**Source records:**
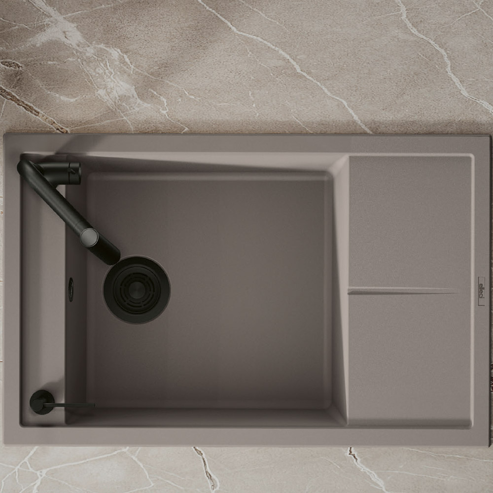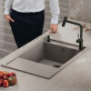 Fragranīta materiāla virtuves izlietne ar simetriskām proporcijām,
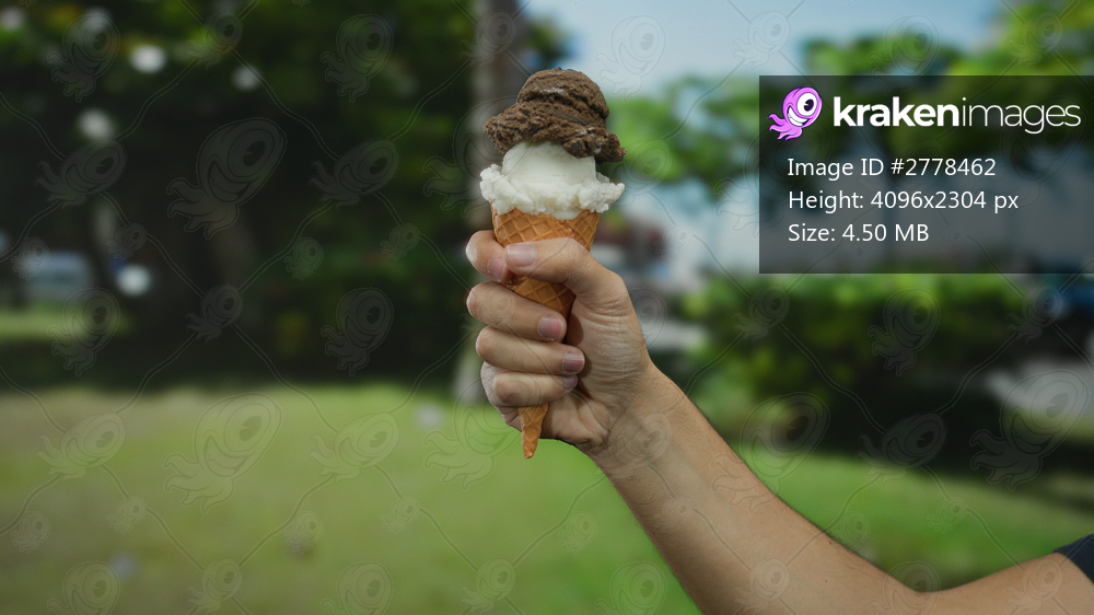 Man holding ice cream cone with chocolate and vanilla outdoors in park on sunny day surrounded by green trees enjoying summer treat with hand visible foreground - Kraken Images
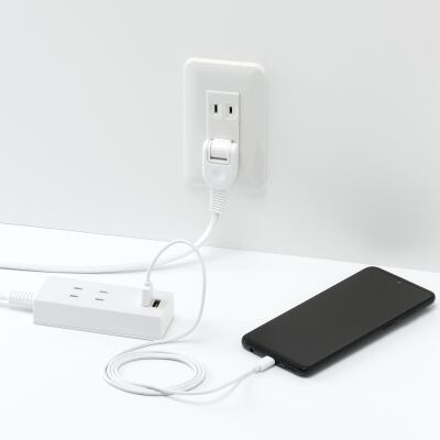 両挿しUSB タップ2個口 1m
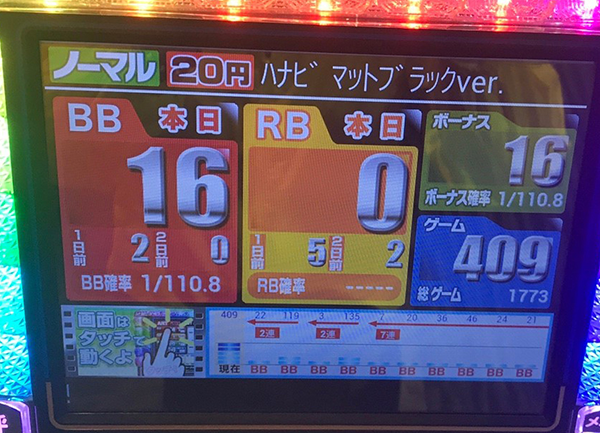 4台中3台が稼働していたことにくわえて、ボーナス合算確率が1/120以上となっているデータも確認した。
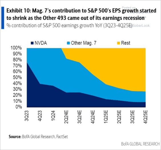“七巨头”对标普500指数每股收益增长的贡献开始缩小,因为“其他493家”公司走出了盈利衰退。
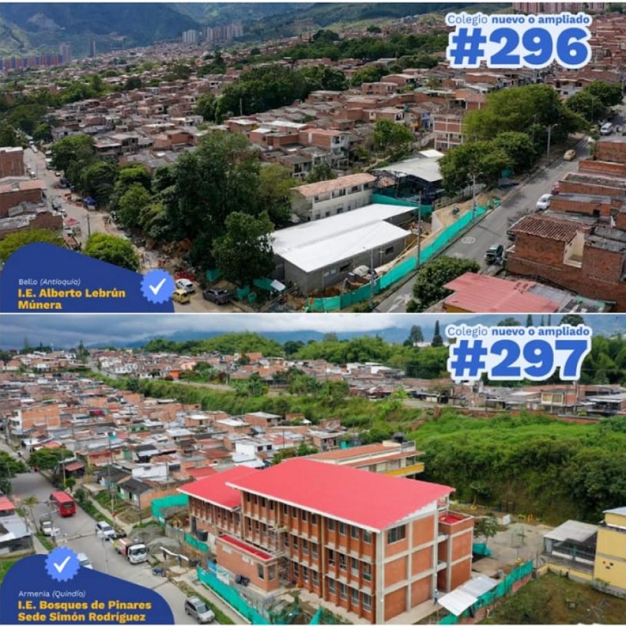 Cabe resaltar que, en las últimas semanas estos colegios han sido entregados por el Ministerio de Educación y el Fondo de Financiamiento de la Infraestructura Educativa - FFIE, enmarcado en la estrategia 'Entregatón de colegios', que a la fecha han entregado 297 colegios en diferentes sectores del territorio nacional.
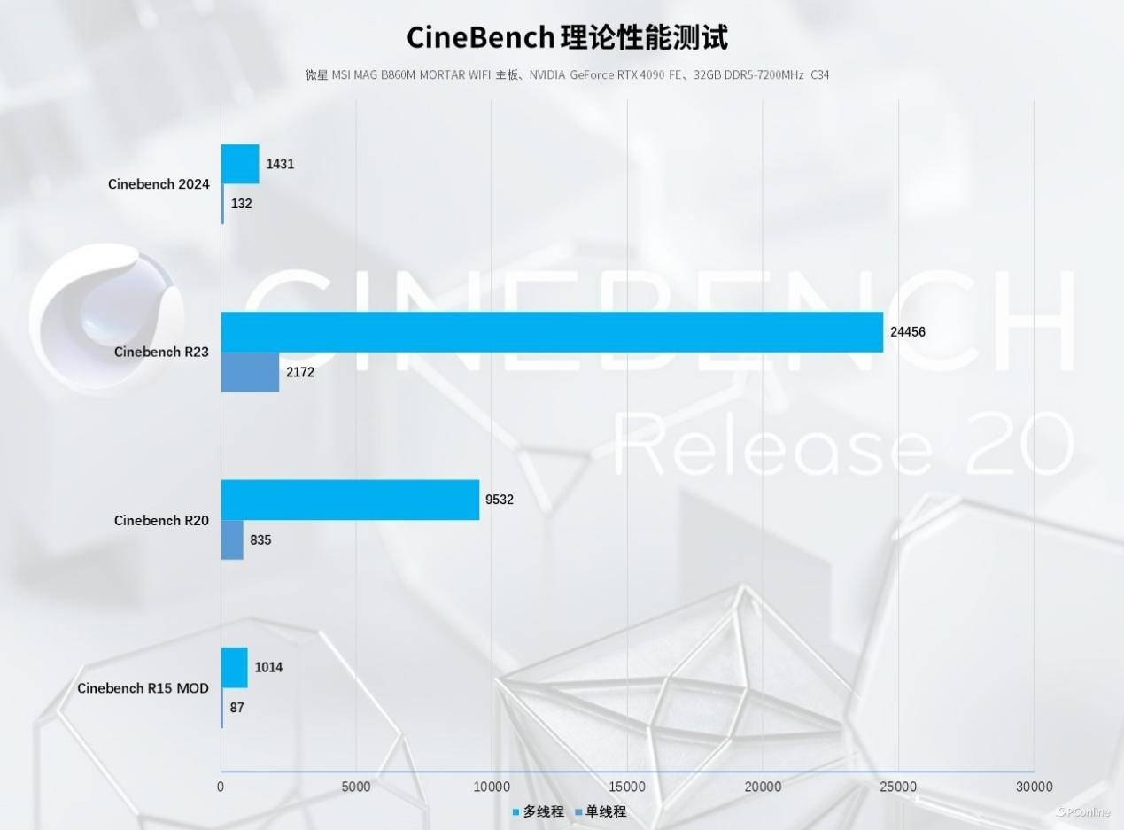 R23的压力就更大了,不过酷睿Ultra 5-245K的表现还是令人惊喜,轻轻松松跑出了单核2172,多核24456的成绩。最后是2024版本,这套平台同样有不俗的表现,单核为132,非常接近隔壁9950X的单核表现了,多核则为1431。
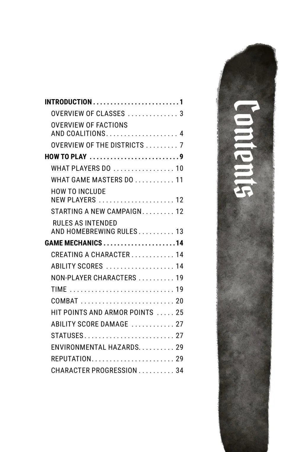 The book contains a complete game system as well as a lore-rich world with its own complete cosmology. The city contains eleven unique districts. There are nine playable classes (or twelve, if we reach our stretch goals) and twenty or so factions. The only other things you need to play Penumbra City are dice, pen and paper, a game master, a party, and to answer the call to adventure. And to not get eaten by a murderous swamp crane.
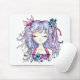 Mousepad Menina roxa bonito do manga da flor do cabelo
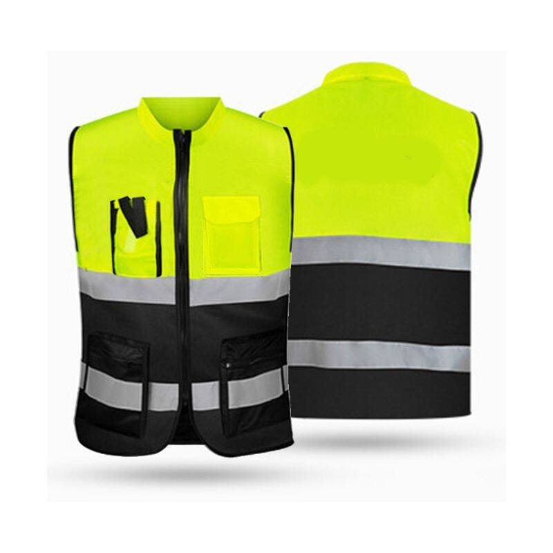 Multi-pockets High Visibility Zipper Front Safety Vest with Reflective Strips Bicycle and Motorcycle Riding Multipurpose
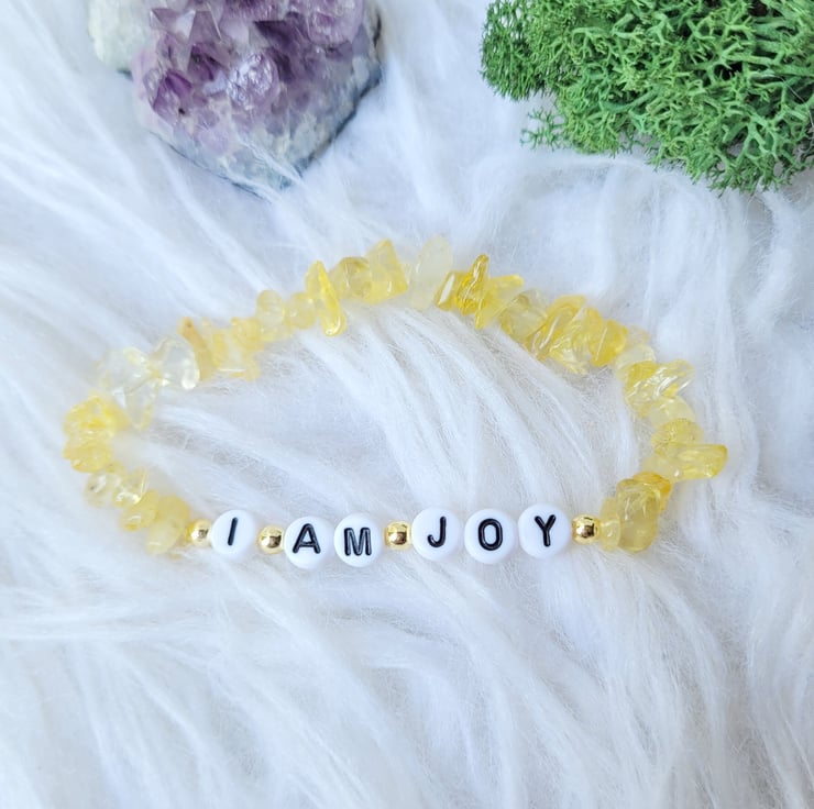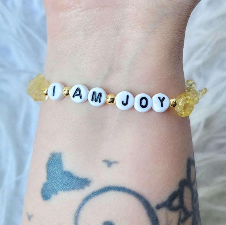 Radiate positivity with this handmade Citrine affirmation bracelet, designed to uplift and inspire happiness. Featuring acrylic letter beads that spell "I AM JOY", this bracelet serves as a daily reminder to embrace optimism and abundance.
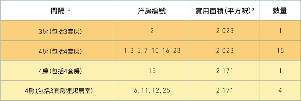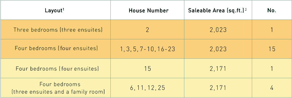 2 The saleable area (including balcony, utility platform and verandah (if any)) is calculated in accordance with Section 8 of the Residential Properties (First-hand Sales) Ordinance (the “Ordinance”). The saleable area excludes the area of every one of the items specified in Part 1 of Schedule 2 of the Ordinance to the extent that it forms part of the residential property. The areas in square feet have been converted from square metres based on a conversion rate of 1 square metre = 10.764 square feet and rounded off to the nearest integer. Please refer to the sales brochure for details.
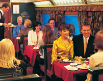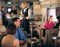 The Gold Lounge is often the centre of activity for any journey. The cosy, club-like setting is an excellent place to socialise or sit back and enjoy the passing parade of Australian landscapes. The Lounge has a licensed bar and is the ideal place to gather for a drink before dinner or for a game of cards and a nightcap with new friends. |

**WHAT IS REQUIRED:**
What I need is every record written out exactly, minus the pictures.

**TASK OUTPUT:**
 Fragranīta materiāla virtuves izlietne ar simetriskām proporcijām,
 Man holding ice cream cone with chocolate and vanilla outdoors in park on sunny day surrounded by green trees enjoying summer treat with hand visible foreground - Kraken Images
 両挿しUSB タップ2個口 1m
 4台中3台が稼働していたことにくわえて、ボーナス合算確率が1/120以上となっているデータも確認した。
“七巨头”对标普500指数每股收益增长的贡献开始缩小,因为“其他493家”公司走出了盈利衰退。
 Cabe resaltar que, en las últimas semanas estos colegios han sido entregados por el Ministerio de Educación y el Fondo de Financiamiento de la Infraestructura Educativa - FFIE, enmarcado en la estrategia 'Entregatón de colegios', que a la fecha han entregado 297 colegios en diferentes sectores del territorio nacional.
 R23的压力就更大了,不过酷睿Ultra 5-245K的表现还是令人惊喜,轻轻松松跑出了单核2172,多核24456的成绩。最后是2024版本,这套平台同样有不俗的表现,单核为132,非常接近隔壁9950X的单核表现了,多核则为1431。
 The book contains a complete game system as well as a lore-rich world with its own complete cosmology. The city contains eleven unique districts. There are nine playable classes (or twelve, if we reach our stretch goals) and twenty or so factions. The only other things you need to play Penumbra City are dice, pen and paper, a game master, a party, and to answer the call to adventure. And to not get eaten by a murderous swamp crane.
 Mousepad Menina roxa bonito do manga da flor do cabelo
 Multi-pockets High Visibility Zipper Front Safety Vest with Reflective Strips Bicycle and Motorcycle Riding Multipurpose
 Radiate positivity with this handmade Citrine affirmation bracelet, designed to uplift and inspire happiness. Featuring acrylic letter beads that spell "I AM JOY", this bracelet serves as a daily reminder to embrace optimism and abundance.
 2 The saleable area (including balcony, utility platform and verandah (if any)) is calculated in accordance with Section 8 of the Residential Properties (First-hand Sales) Ordinance (the “Ordinance”). The saleable area excludes the area of every one of the items specified in Part 1 of Schedule 2 of the Ordinance to the extent that it forms part of the residential property. The areas in square feet have been converted from square metres based on a conversion rate of 1 square metre = 10.764 square feet and rounded off to the nearest integer. Please refer to the sales brochure for details.
 The Gold Lounge is often the centre of activity for any journey. The cosy, club-like setting is an excellent place to socialise or sit back and enjoy the passing parade of Australian landscapes. The Lounge has a licensed bar and is the ideal place to gather for a drink before dinner or for a game of cards and a nightcap with new friends. |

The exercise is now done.